◆ **Problem requirements**:
Set the records down again in full, exactly as they are, apart from the images.

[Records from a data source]

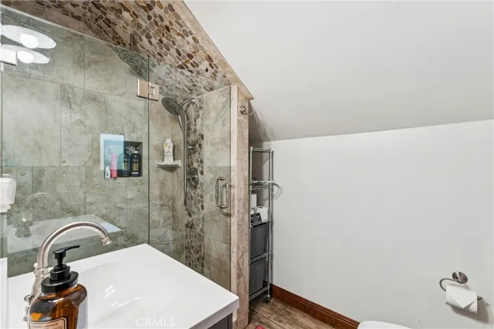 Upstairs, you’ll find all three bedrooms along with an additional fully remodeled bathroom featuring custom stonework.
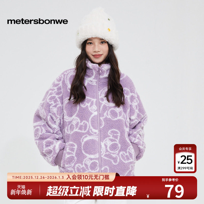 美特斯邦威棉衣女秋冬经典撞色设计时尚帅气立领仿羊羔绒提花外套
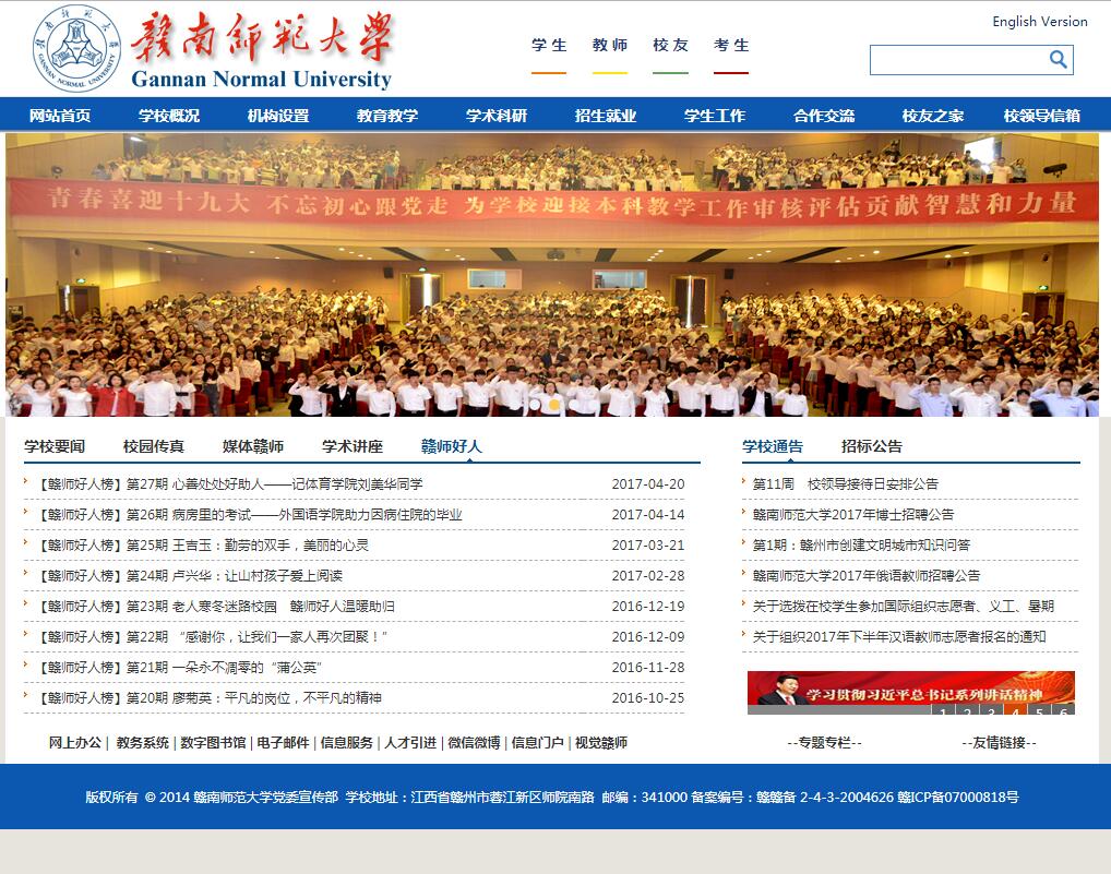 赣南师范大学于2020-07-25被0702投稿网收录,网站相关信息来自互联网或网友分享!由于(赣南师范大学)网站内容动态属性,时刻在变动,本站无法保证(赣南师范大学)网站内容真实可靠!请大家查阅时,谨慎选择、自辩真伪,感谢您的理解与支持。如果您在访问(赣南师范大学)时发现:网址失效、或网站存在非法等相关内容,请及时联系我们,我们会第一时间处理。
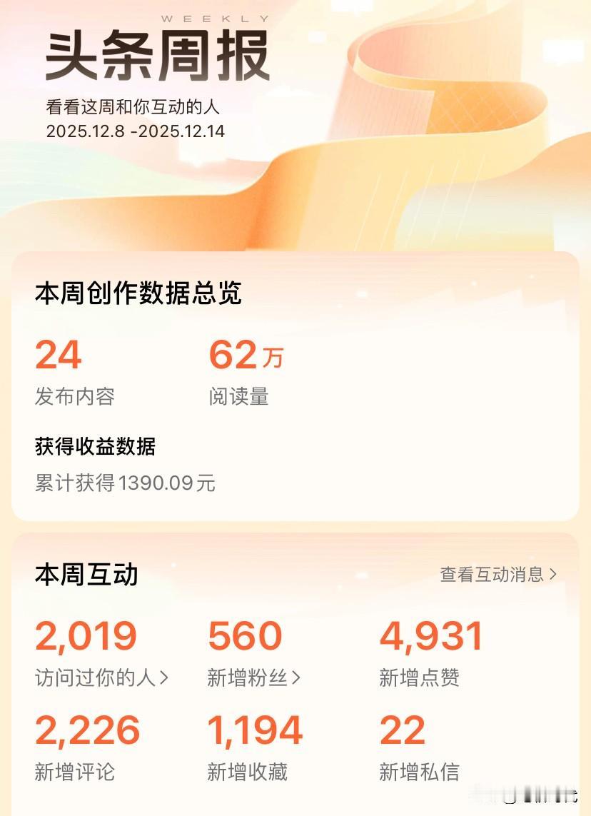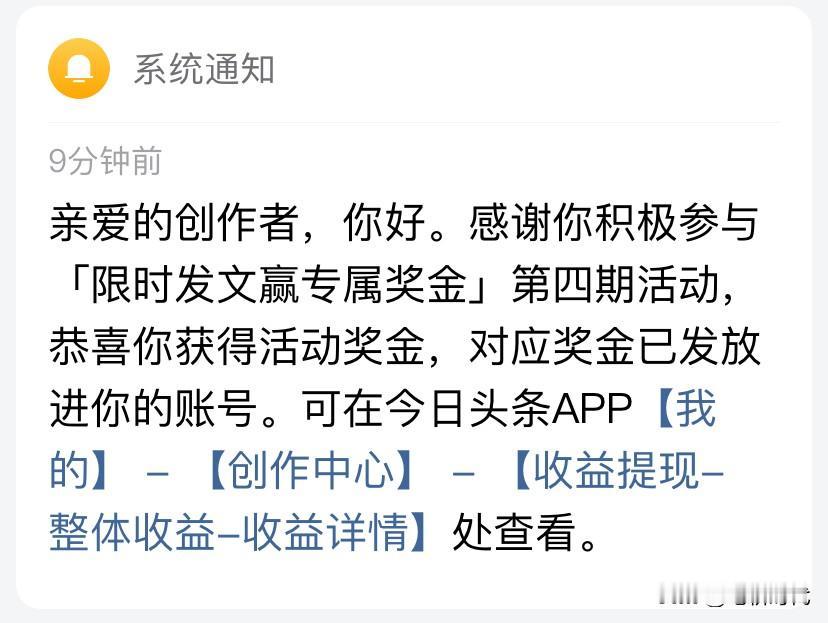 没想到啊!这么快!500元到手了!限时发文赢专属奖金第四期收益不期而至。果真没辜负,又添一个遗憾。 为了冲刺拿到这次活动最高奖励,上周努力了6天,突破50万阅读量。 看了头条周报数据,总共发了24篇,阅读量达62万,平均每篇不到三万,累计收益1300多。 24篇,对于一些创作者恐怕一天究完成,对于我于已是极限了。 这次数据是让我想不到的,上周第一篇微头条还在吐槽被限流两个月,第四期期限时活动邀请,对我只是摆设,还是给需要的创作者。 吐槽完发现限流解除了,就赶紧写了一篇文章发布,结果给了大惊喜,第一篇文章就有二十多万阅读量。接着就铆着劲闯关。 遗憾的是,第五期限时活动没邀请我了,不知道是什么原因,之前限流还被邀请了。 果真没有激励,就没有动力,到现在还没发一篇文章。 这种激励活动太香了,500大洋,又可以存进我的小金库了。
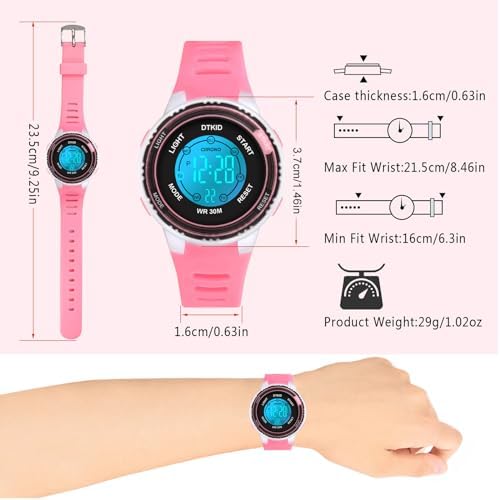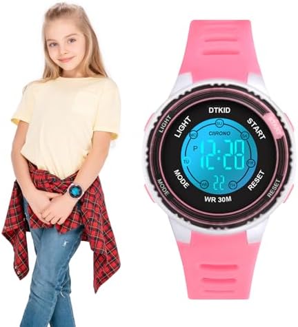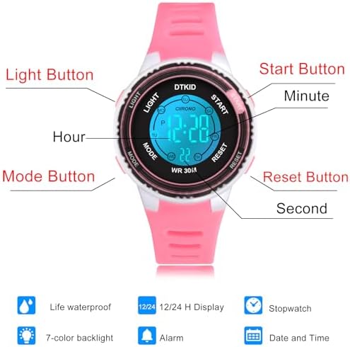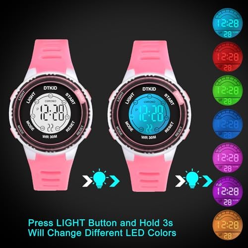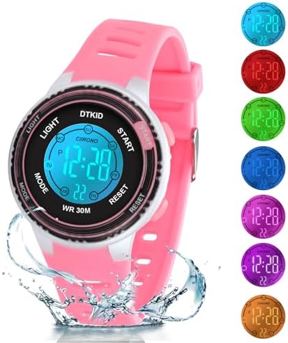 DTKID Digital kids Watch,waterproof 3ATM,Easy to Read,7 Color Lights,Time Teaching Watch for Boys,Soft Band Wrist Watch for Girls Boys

◆ **Solution**:
 Upstairs, you’ll find all three bedrooms along with an additional fully remodeled bathroom featuring custom stonework.
 美特斯邦威棉衣女秋冬经典撞色设计时尚帅气立领仿羊羔绒提花外套
 赣南师范大学于2020-07-25被0702投稿网收录,网站相关信息来自互联网或网友分享!由于(赣南师范大学)网站内容动态属性,时刻在变动,本站无法保证(赣南师范大学)网站内容真实可靠!请大家查阅时,谨慎选择、自辩真伪,感谢您的理解与支持。如果您在访问(赣南师范大学)时发现:网址失效、或网站存在非法等相关内容,请及时联系我们,我们会第一时间处理。
 没想到啊!这么快!500元到手了!限时发文赢专属奖金第四期收益不期而至。果真没辜负,又添一个遗憾。 为了冲刺拿到这次活动最高奖励,上周努力了6天,突破50万阅读量。 看了头条周报数据,总共发了24篇,阅读量达62万,平均每篇不到三万,累计收益1300多。 24篇,对于一些创作者恐怕一天究完成,对于我于已是极限了。 这次数据是让我想不到的,上周第一篇微头条还在吐槽被限流两个月,第四期期限时活动邀请,对我只是摆设,还是给需要的创作者。 吐槽完发现限流解除了,就赶紧写了一篇文章发布,结果给了大惊喜,第一篇文章就有二十多万阅读量。接着就铆着劲闯关。 遗憾的是,第五期限时活动没邀请我了,不知道是什么原因,之前限流还被邀请了。 果真没有激励,就没有动力,到现在还没发一篇文章。 这种激励活动太香了,500大洋,又可以存进我的小金库了。
 DTKID Digital kids Watch,waterproof 3ATM,Easy to Read,7 Color Lights,Time Teaching Watch for Boys,Soft Band Wrist Watch for Girls Boys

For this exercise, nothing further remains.